■ **Exercise instructions**
For this listing, the lines between the one holding "When Trump got" and the one holding "3、进入以后,可以看到当前锤", inclusive, must be set down exactly.

■ **Source material**
------------------------------------------------
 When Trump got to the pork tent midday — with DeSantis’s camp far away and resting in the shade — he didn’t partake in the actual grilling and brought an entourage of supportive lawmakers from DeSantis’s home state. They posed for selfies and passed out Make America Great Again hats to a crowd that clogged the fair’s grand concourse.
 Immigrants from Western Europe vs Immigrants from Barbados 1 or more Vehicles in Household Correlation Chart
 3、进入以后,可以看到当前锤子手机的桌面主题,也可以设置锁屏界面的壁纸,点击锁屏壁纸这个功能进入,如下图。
------------------------------------------------
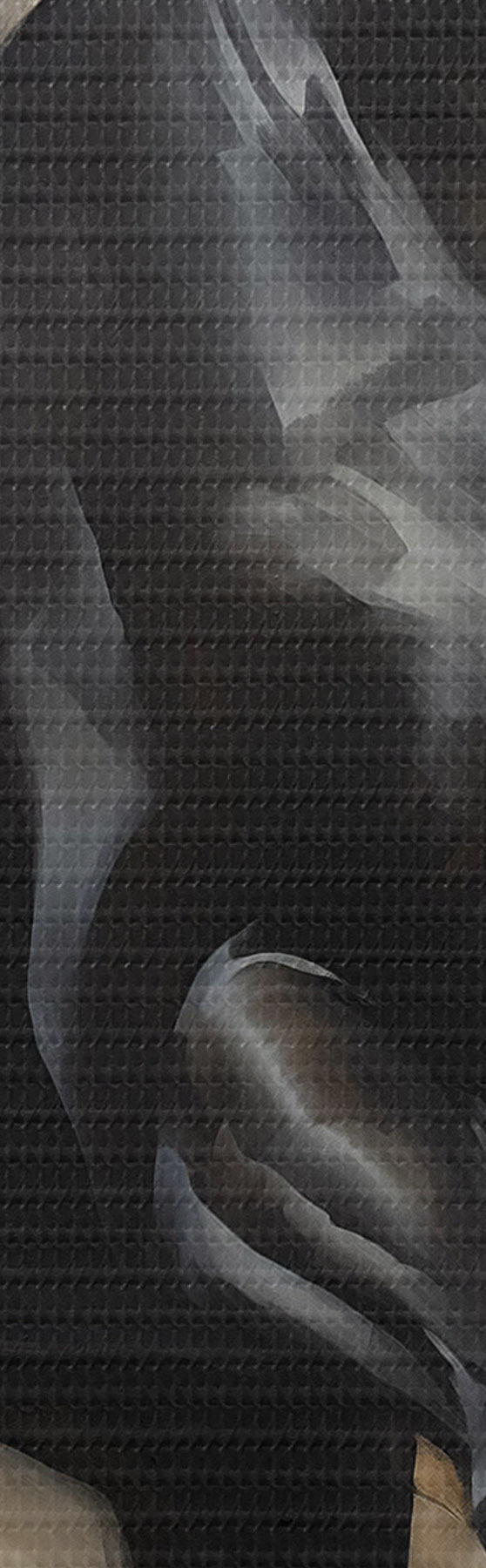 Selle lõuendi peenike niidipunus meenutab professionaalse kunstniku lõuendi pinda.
------------------------------------------------
■ **Written solution**
 When Trump got to the pork tent midday — with DeSantis’s camp far away and resting in the shade — he didn’t partake in the actual grilling and brought an entourage of supportive lawmakers from DeSantis’s home state. They posed for selfies and passed out Make America Great Again hats to a crowd that clogged the fair’s grand concourse.
 Immigrants from Western Europe vs Immigrants from Barbados 1 or more Vehicles in Household Correlation Chart
 3、进入以后,可以看到当前锤子手机的桌面主题,也可以设置锁屏界面的壁纸,点击锁屏壁纸这个功能进入,如下图。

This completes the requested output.